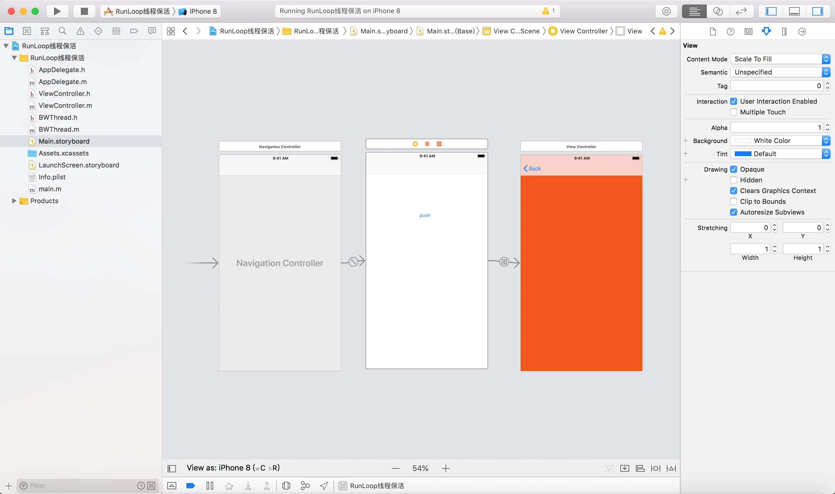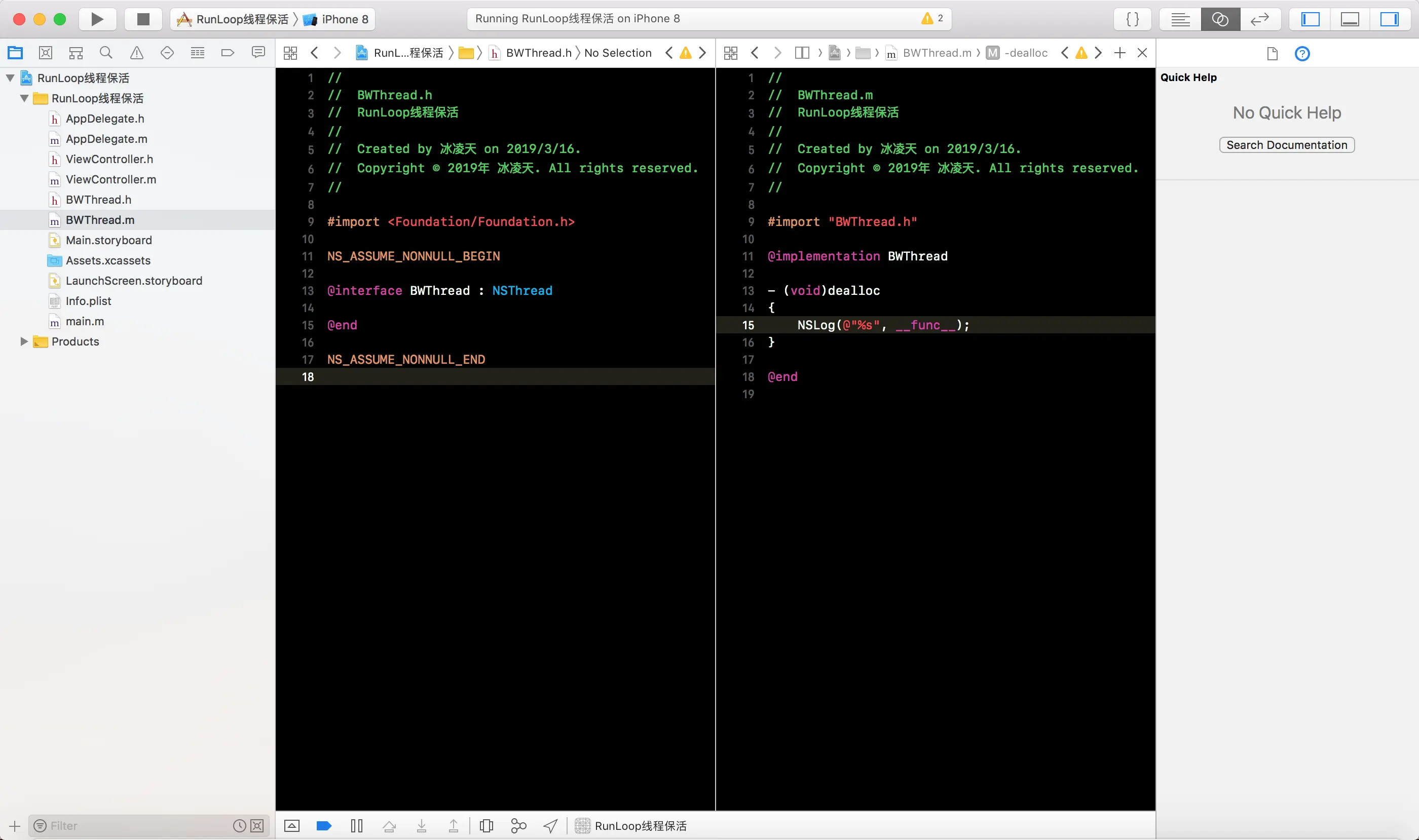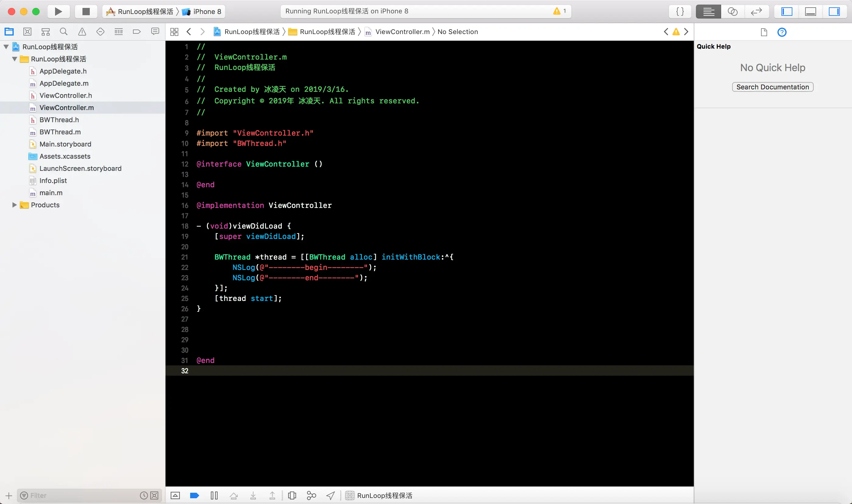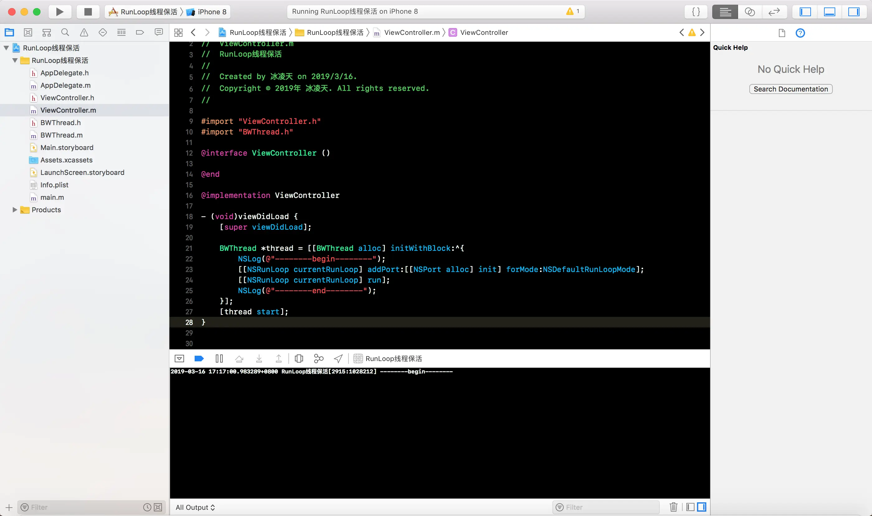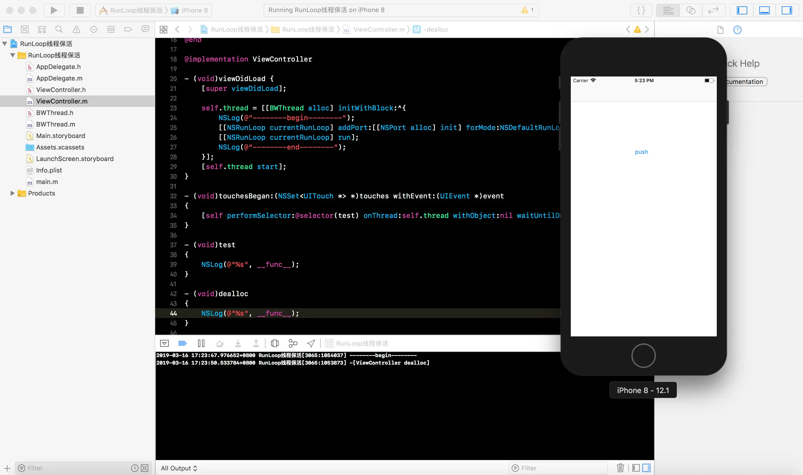 ViewController中代码如下, 当点击释放按钮时, 在thread中停止RunLoop
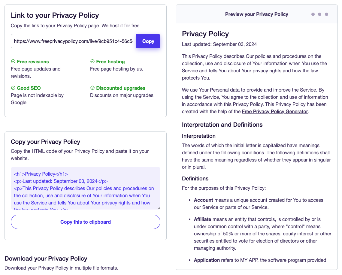 모든 작업이 끝나면 개인정보 처리 방침의 URL이 생성되며, HTML 코드, 다운로드, 미리보기(Preview) 옵션도 함께 제공됩니다. 이를 통해 다양한 방식으로 개인정보 처리 방침을 저장하고 활용할 수 있습니다.
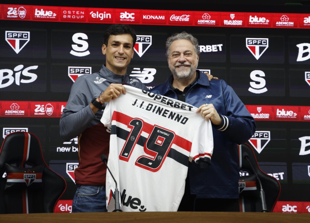 Reforço do Tricolor para a sequência da temporada, o atacante Dinenno foi apresentado nesta quarta-feira (11), no MorumBIS, e concedeu entrevista coletiva após receber as boas-vindas e a camisa do São Paulo das mãos do presidente Julio Casares. “A verdade é que é uma responsabilidade grande, e estou disposto a entregar, fazer o máximo. Vou […]
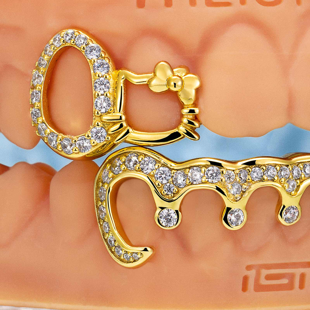 Embrace your unique style with our Kitty & Wave Style Grillz. These eye-catching dental accessories feature iced-out wave patterns alongside adorable solid kitty and heart shapes. Perfect for making a bold fashion statement while showcasing your playful personality. Each piece is crafted to add that extra sparkle to your smile.
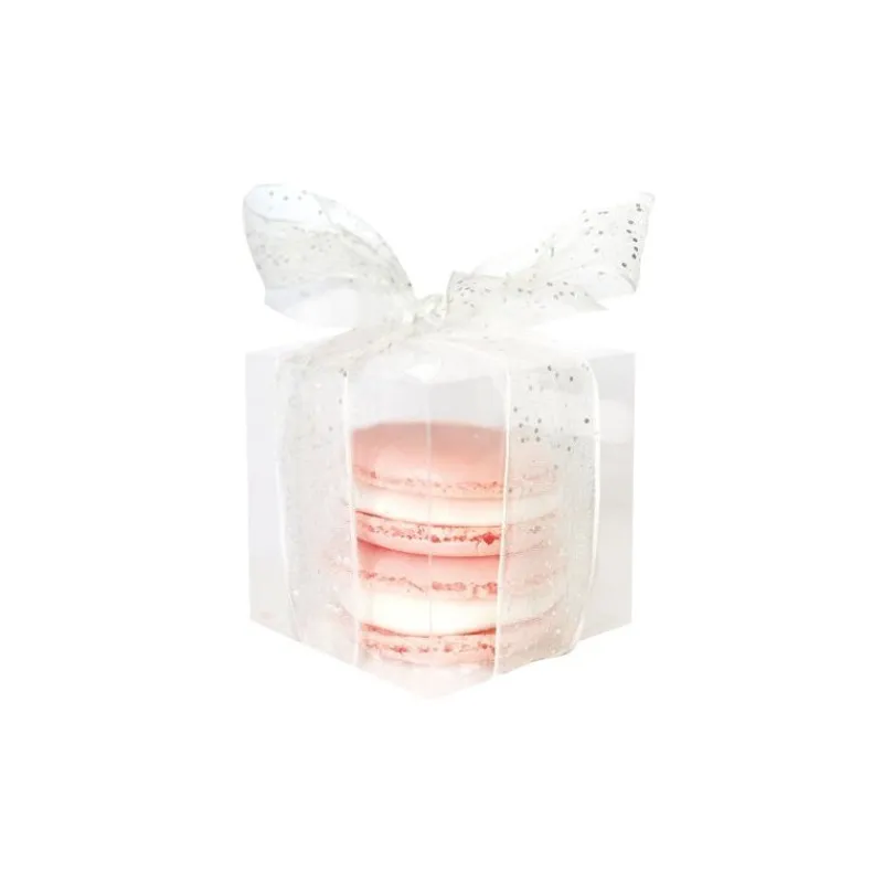 Ces boîtes en forme de cubes transparentes en polypro sont parfaites pour de nombreuses occasions : anniversaire, baptême, communion… Elles peuvent contenir des dragées, de petites friandises…
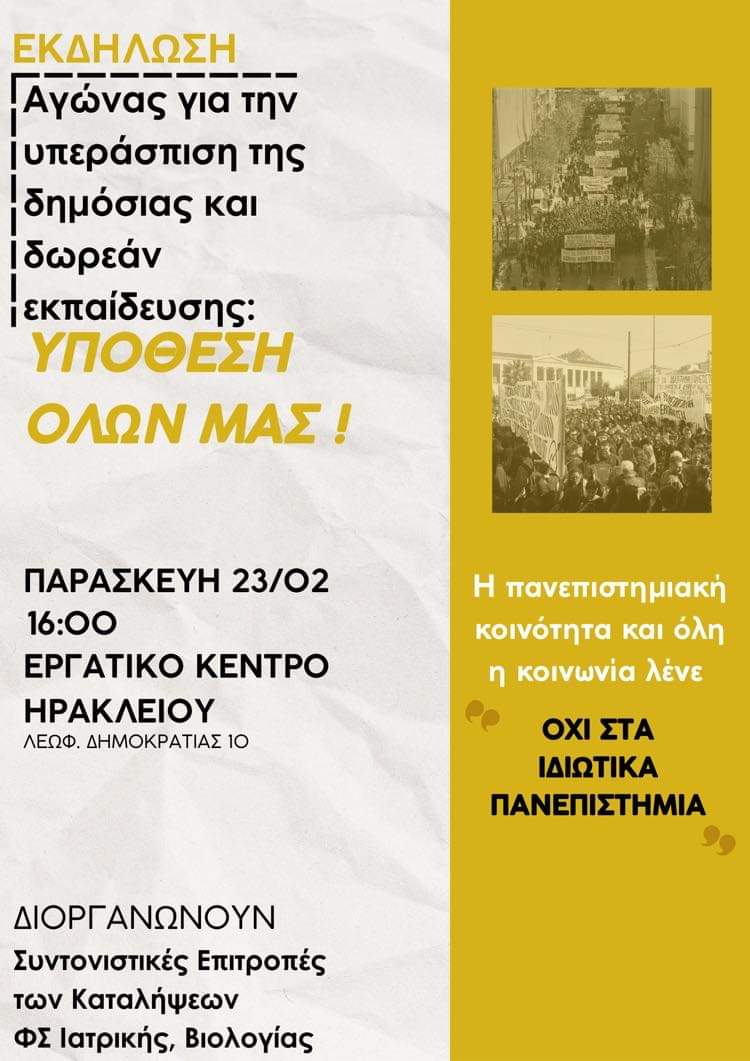 “Οι Συντονιστικές Επιτροπές Καταλήψεων των ΦΣ Ιατρικής και Βιολογικού σας προσκαλούν την Παρασκευή 23/2 στις 16:00 στο Εργατικό Κέντρο Ηρακλείου στην εκδήλωση «Αγώνας για την υπεράσπιση της δημόσιας και δωρεάν εκπαίδευσης: ΥΠΟΘΕΣΗ ΟΛΩΝ ΜΑΣ». Θα μιλήσουν μέλη της πανεπιστημιακής κοινότητας.

● **Task directions**: Repeat the lines above exactly, beginning with the one containing "모든 작업이 끝나면 개인정보" and finishing with the one containing "Reforço do Tricolor". No pictures belong in the copy.

● **Task output**:
 모든 작업이 끝나면 개인정보 처리 방침의 URL이 생성되며, HTML 코드, 다운로드, 미리보기(Preview) 옵션도 함께 제공됩니다. 이를 통해 다양한 방식으로 개인정보 처리 방침을 저장하고 활용할 수 있습니다.
 Reforço do Tricolor para a sequência da temporada, o atacante Dinenno foi apresentado nesta quarta-feira (11), no MorumBIS, e concedeu entrevista coletiva após receber as boas-vindas e a camisa do São Paulo das mãos do presidente Julio Casares. “A verdade é que é uma responsabilidade grande, e estou disposto a entregar, fazer o máximo. Vou […]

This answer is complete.